**Given material:**
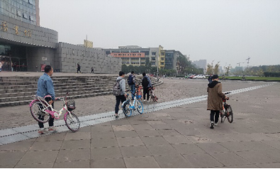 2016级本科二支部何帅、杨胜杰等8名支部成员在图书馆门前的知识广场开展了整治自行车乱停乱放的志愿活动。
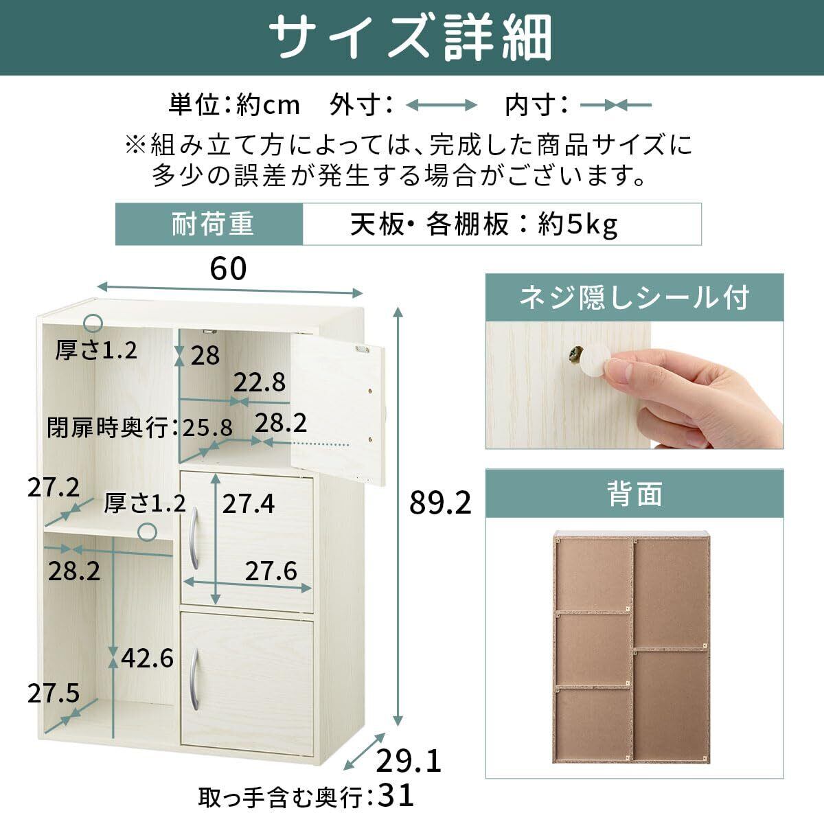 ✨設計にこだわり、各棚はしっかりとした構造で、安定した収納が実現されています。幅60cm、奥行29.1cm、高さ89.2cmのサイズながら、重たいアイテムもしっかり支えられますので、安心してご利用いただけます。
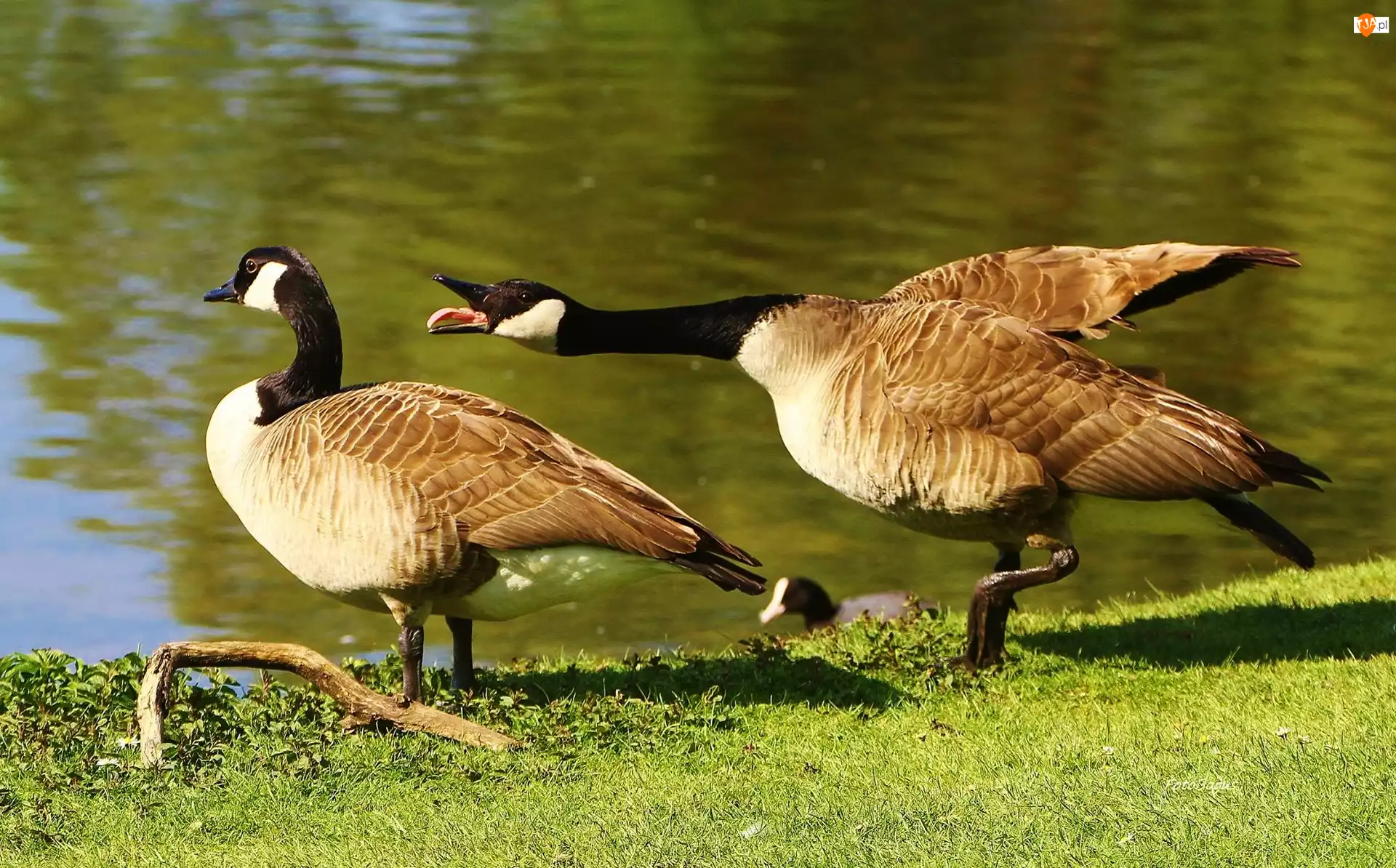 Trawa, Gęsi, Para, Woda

**Your instructions:** Exclude every picture and copy the remaining data exactly.

**Your solution:**
 2016级本科二支部何帅、杨胜杰等8名支部成员在图书馆门前的知识广场开展了整治自行车乱停乱放的志愿活动。
 ✨設計にこだわり、各棚はしっかりとした構造で、安定した収納が実現されています。幅60cm、奥行29.1cm、高さ89.2cmのサイズながら、重たいアイテムもしっかり支えられますので、安心してご利用いただけます。
 Trawa, Gęsi, Para, Woda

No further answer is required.